Next, I turn to my life as an adult woman, using arts-based autoethnography to explore how earlier experiences of abuse shaped practices I engaged with, both purposeful and harmful, in my ongoing struggle to reclaim bodily autonomy. The Fight to Regain Power: Embodiment of Bodily Autonomy captures this period, serving as a central focus of this embodied inquiry. Through these representations, arts-based autoethnography allows me to illuminate the persistent, often invisible effects of trauma on my adult body, demonstrating how creative methods can render complex, embodied experiences visible, and accessible to readers.
The Fight to Regain Power: Embodiment of Bodily Autonomy
Engaging with Bordo's worked helped me to understand my embodied actions as an adult woman in a different light. The artistic representations above reveal purposeful acts through which I sought to reclaim power over my female adult body (Coy, 2009). Although I initially experienced behaviours of overeating, excessive alcohol consumption, and self-harm (e.g., scratching) as signs of dysfunction, Bordo's insights allowed me to reframe these actions as embodied strategies of reclaiming power from the control exerted by male sport staff during my adolescence (McMahon & McGannon, 2021).

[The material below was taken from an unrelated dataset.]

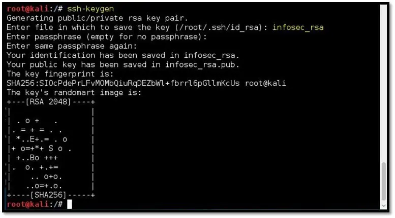 To create an SSH key pair, we will use the ssh-keygen command on our attacking machine, i.e., Kali Linux. Follow the steps on screen, provide the file path and passphrase. We can keep the passphrase blank by simply hitting the “Enter” button of the keyboard.
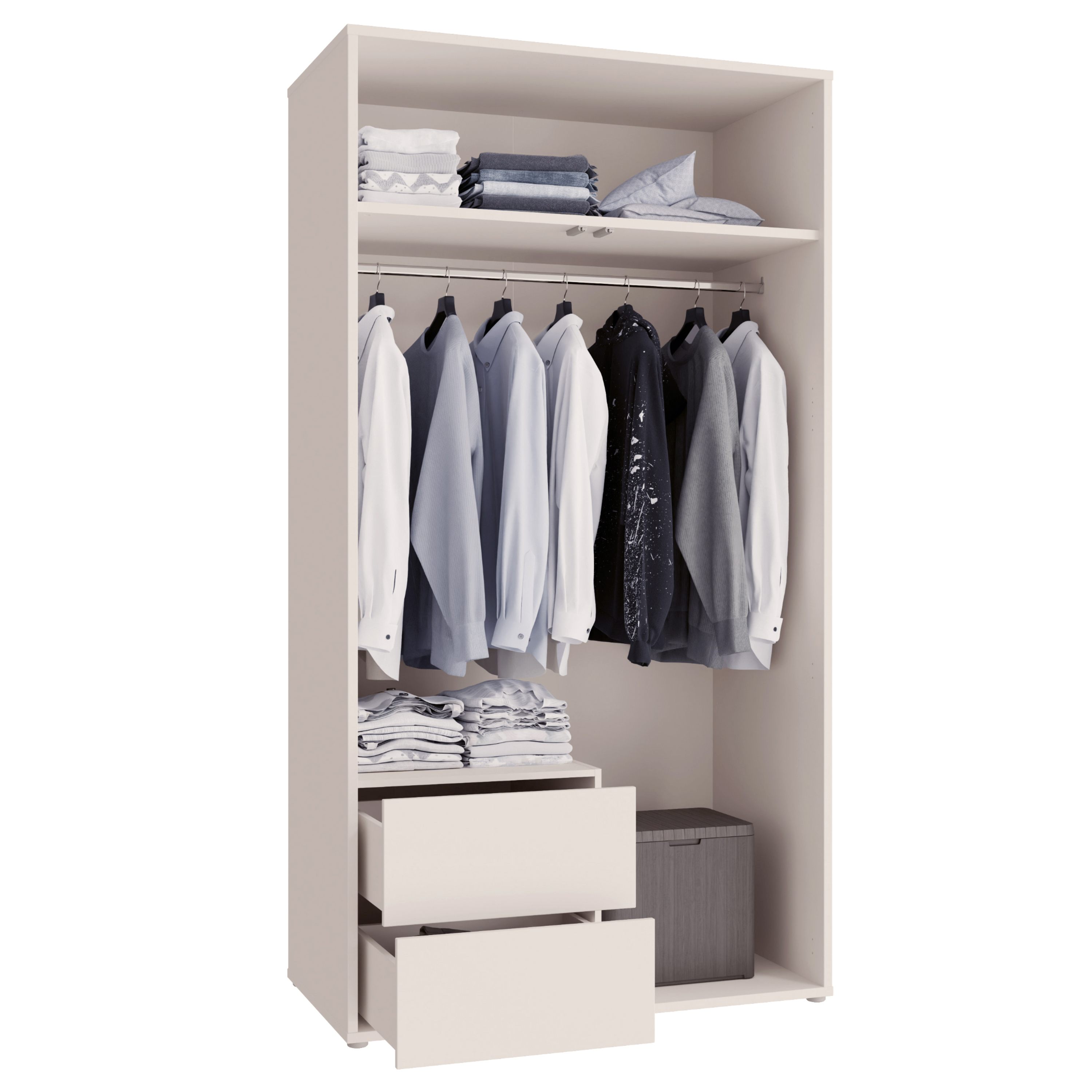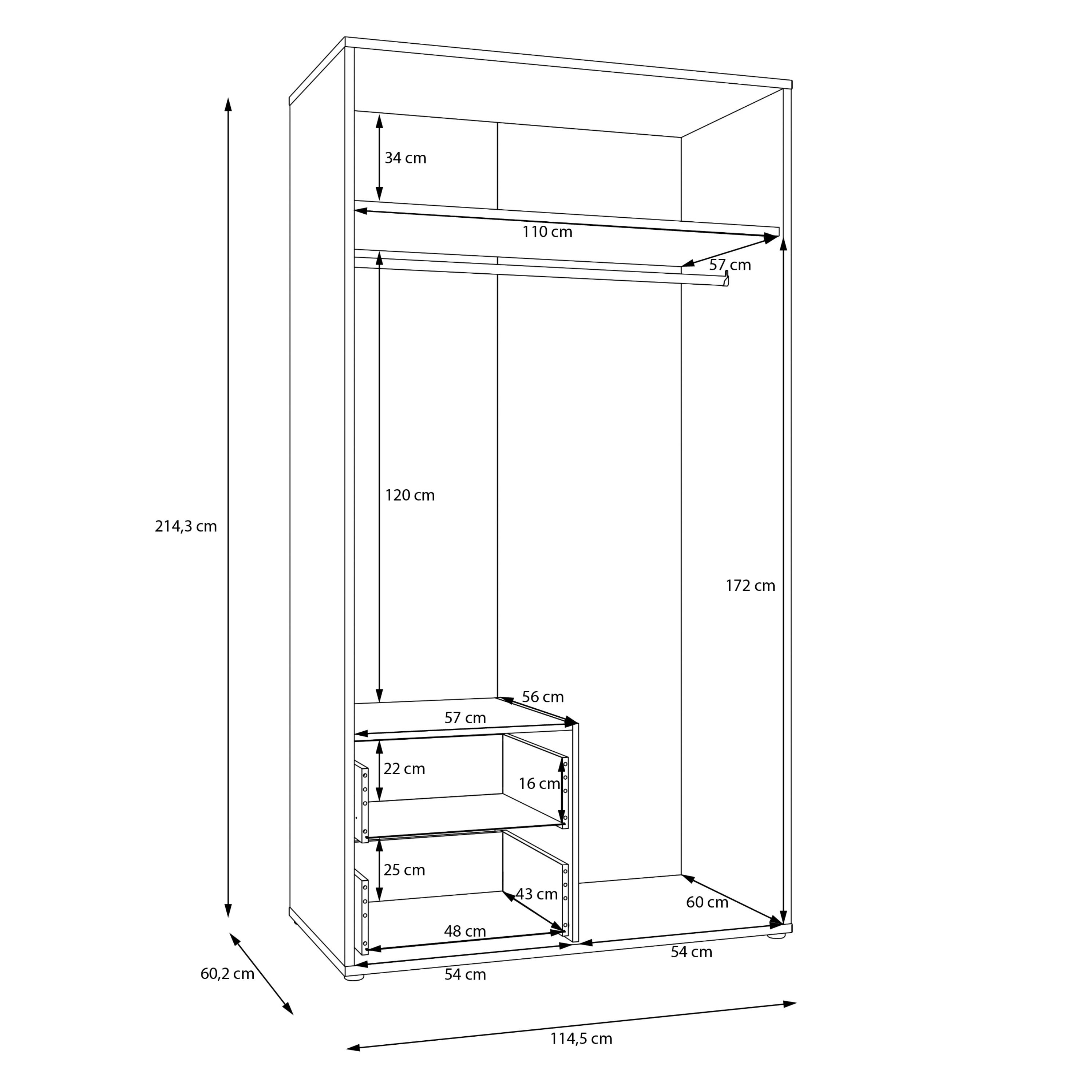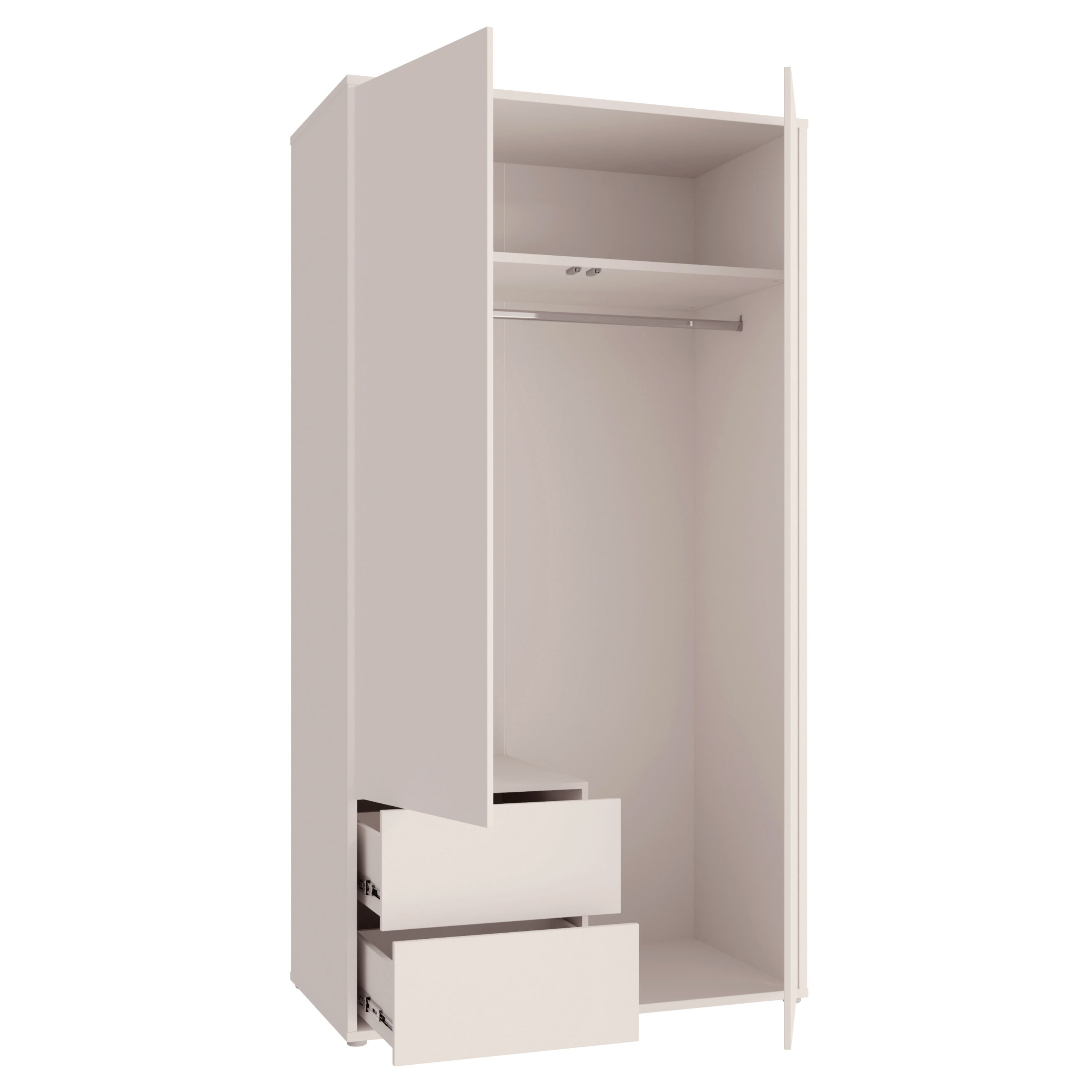 Skříň uzavírají klasické otočné dveře, za kterými se nachází široká šatní tyč doplněná o prostornou vloženou polici nad ní. Toto uspořádání umožňuje přehledné uložení jak zavěšeného oblečení, tak složených věcí a doplňků. Na levé straně se navíc nachází 2 zásuvky, které poskytují ideální místo pro uložení drobnějších kousků oblečení nebo doplňků. Dveře a zásuvky jsou vybaveny systémem push to open, který umožňuje snadné otevírání bez použití úchytek a podtrhuje čistý minimalistický vzhled.

Bordo's (1993b) observation that “in the absence of direct, verbal forms of protest, the body may become a text of resistance” (p. 190) resonated deeply with me. It helped me to see that while my body had once been a site of control, it also became a space where resistance and agency were enacted in adulthood (Bordo, 1993a). Through this lens, acts such as overeating, excessive alcohol consumption, and self-harm practices can be understood not simply as embodied forms of resistance, but as attempts to reassert control over my body (Bordo, 1993a). Bordo's (1993b) further insight that “what we often interpret as extreme lack of willpower or self-control may actually be strategies of control or attempts to reassert one's agency in a culture that so often demands its surrender” (p. 185) offered a critical shift in perspective, allowing me to recognise the complexity and meaning behind these acts.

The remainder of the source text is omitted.